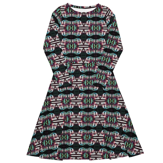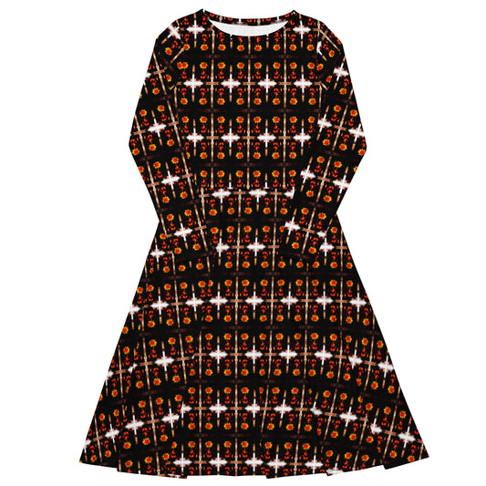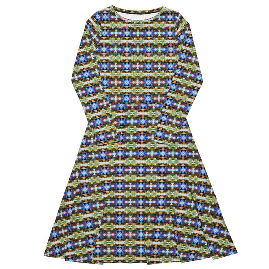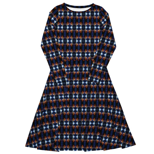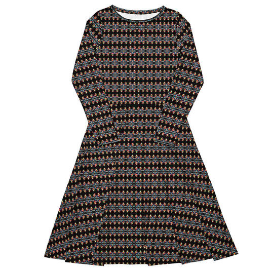 All-over print long sleeve midi dress. MÁSCARA 6.
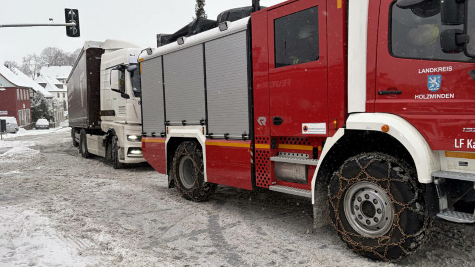 Die Einsatzkräfte der Ortsfeuerwehr Eschershausen sicherten zunächst die betroffenen Straßenabschnitte und begannen anschließend mit dem Abschleppen der festgefahrenen Lastkraftwagen. Mehrere Lkw wurden dabei kontrolliert, die Steigung hinaufgezogen, um die blockierten Verkehrsachsen wieder freizumachen.
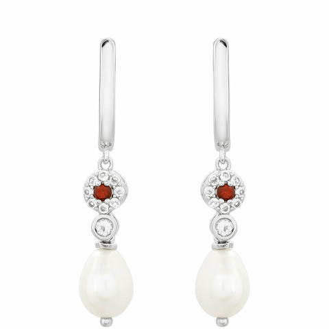 Ezüst Fülbevaló Gránáttal és Fehér Édesvízi Kagylógyönggyel, PCY11439 fülbevaló termékleírás
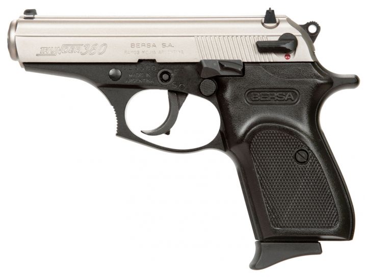 Bersas Thunder 380 is ideal for personal protection and offers accuracy, reliability, versatility in a lightweight, compact design. Its aluminum alloy frame has a combat style trigger guard, integral locking system and decocker safety, and a micro-polished bore with sharp, deep rifling. The steel slide features a 3-dot sight system for the prefect sight picture. The Thunder 380 features an extended finger rest on the bottom of the magazine for comfort.

• **EXERCISE PROMPT**:
Leaving out the pictures, restate each line of the listing above verbatim, from the opening line to the line bearing "Ezüst Fülbevaló Gránáttal", inclusive, and no more.

• **FINAL ANSWER**:
 All-over print long sleeve midi dress. MÁSCARA 6.
 Die Einsatzkräfte der Ortsfeuerwehr Eschershausen sicherten zunächst die betroffenen Straßenabschnitte und begannen anschließend mit dem Abschleppen der festgefahrenen Lastkraftwagen. Mehrere Lkw wurden dabei kontrolliert, die Steigung hinaufgezogen, um die blockierten Verkehrsachsen wieder freizumachen.
 Ezüst Fülbevaló Gránáttal és Fehér Édesvízi Kagylógyönggyel, PCY11439 fülbevaló termékleírás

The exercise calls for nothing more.